Бинодини слушала молча, чуть отвернувшись, пальцы ее нервно теребили бахрому покрывала на постели.

– Ну что ты об этом думаешь? – продолжала Раджлокхи. – Да тут и думать нечего, умница моя. Что ни говори, ты нам не чужая!

– Пожалуйста, не уговаривайте меня, ма.

– Ах так? Ну что ж, хорошо! Я сама буду делать что могу. – И Раджлокхи встала, собираясь идти на третий этаж убирать комнату Мохендро.

Но Бинодини остановила ее.

– Вы же больны, тетя, не ходите туда, – с тревогой сказала она. – Я сделаю все, как вы велите. Простите меня!

Раджлокхи давно привыкла не обращать внимания на то, что говорят окружающие.

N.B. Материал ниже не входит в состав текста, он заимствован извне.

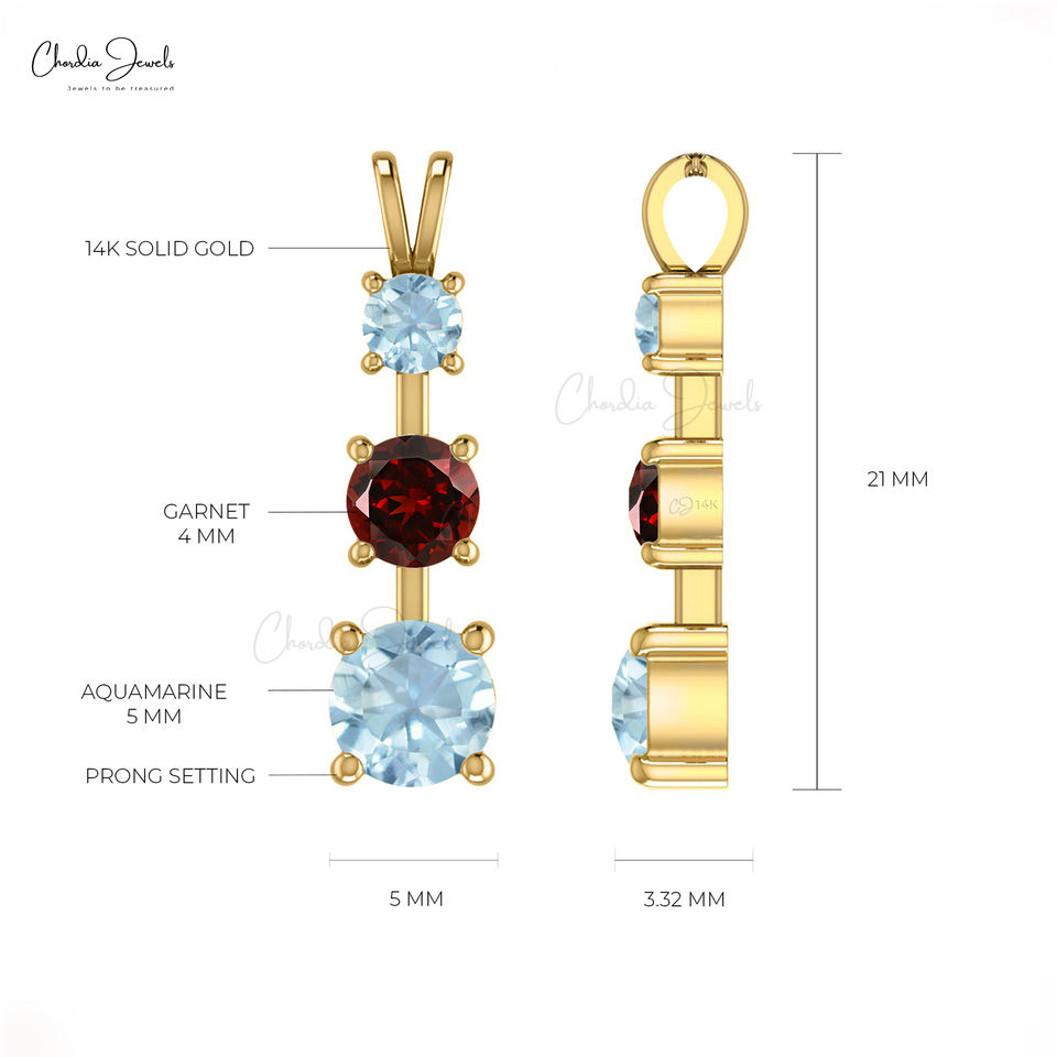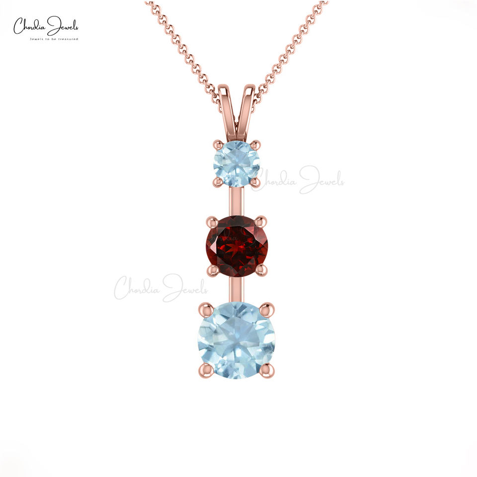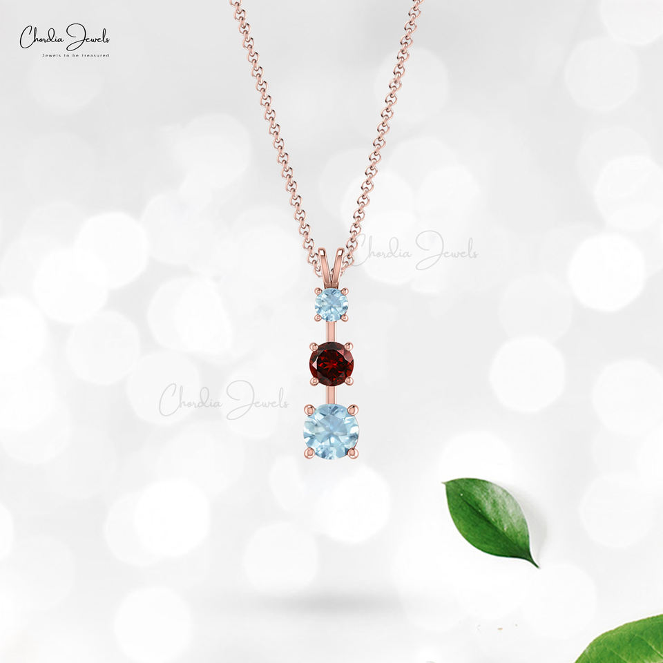 จี้หินสามชิ้นทันสมัยพร้อมทอง14k แท้0.4กะรัตโกเมนสีแดงและพลอยสีฟ้าชุดจี้

После смерти мужа она не признавала в этом мире никого, кроме Мохендро.

Одна мысль, что люди могут сплетничать о ее сыне и Бинодини, приводила ее в негодование. Она привыкла считать, что лучше ее сына нет никого на свете. И люди посмели осуждать его?! Да чтоб язык отсох у того, кто занимается этими сплетнями! Раджлокхи была упряма в своих вкусах и суждениях и поэтому всегда пренебрегала мнением окружающих.

Когда в тот день Мохендро, возвратившись из колледжа, вошел в свою комнату, он был поражен. Комната благоухала сандалом и душистыми смолами; к сетке от москитов был прикреплен шнур из розового шелка; на низкой тахте сверкало белизной покрывало, а вместо старых валиков лежали четырехугольные европейские подушечки, расшитые шелком и шерстью. Это рукоделие было плодом долгого труда Бинодини. Аша частенько допытывалась у нее, для кого она вышивает эти подушки. «Для своего смертного ложа, – со смехом отвечала Бинодини. – Ведь у меня не может быть другого жениха, кроме Ямы».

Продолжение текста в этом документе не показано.